### DATA
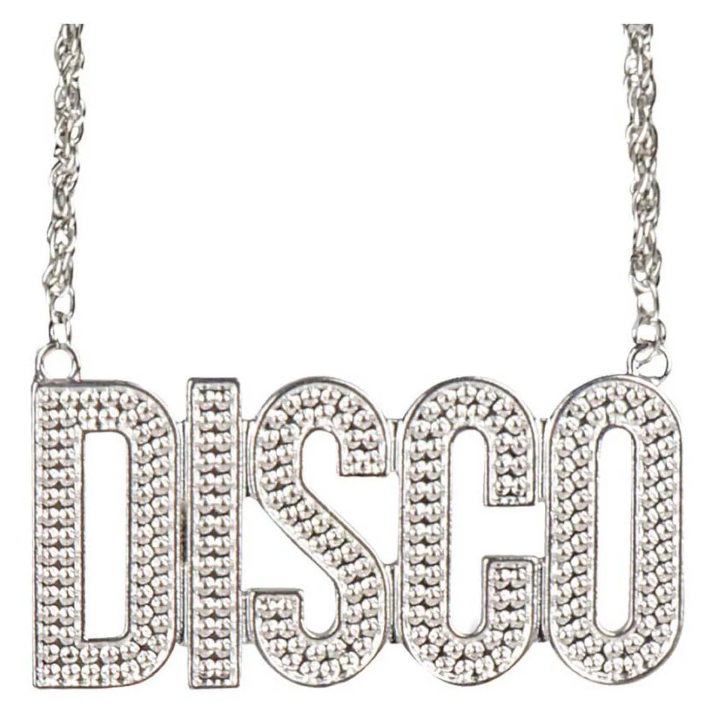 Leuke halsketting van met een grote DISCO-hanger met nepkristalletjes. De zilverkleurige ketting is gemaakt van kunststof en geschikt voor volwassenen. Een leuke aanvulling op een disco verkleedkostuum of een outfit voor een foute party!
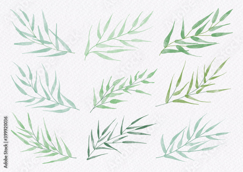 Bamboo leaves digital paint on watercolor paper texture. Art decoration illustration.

==

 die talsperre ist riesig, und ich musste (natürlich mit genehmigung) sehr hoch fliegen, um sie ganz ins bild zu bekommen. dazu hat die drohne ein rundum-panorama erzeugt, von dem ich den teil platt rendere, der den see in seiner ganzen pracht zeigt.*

### EXERCISE DIRECTIONS
Taking the material above, give again exactly the lines from the one holding "Leuke halsketting van" through the one holding "Bamboo leaves digital", with both ends and without pictures.

### EXERCISE ANSWER
 Leuke halsketting van met een grote DISCO-hanger met nepkristalletjes. De zilverkleurige ketting is gemaakt van kunststof en geschikt voor volwassenen. Een leuke aanvulling op een disco verkleedkostuum of een outfit voor een foute party!
 Bamboo leaves digital paint on watercolor paper texture. Art decoration illustration.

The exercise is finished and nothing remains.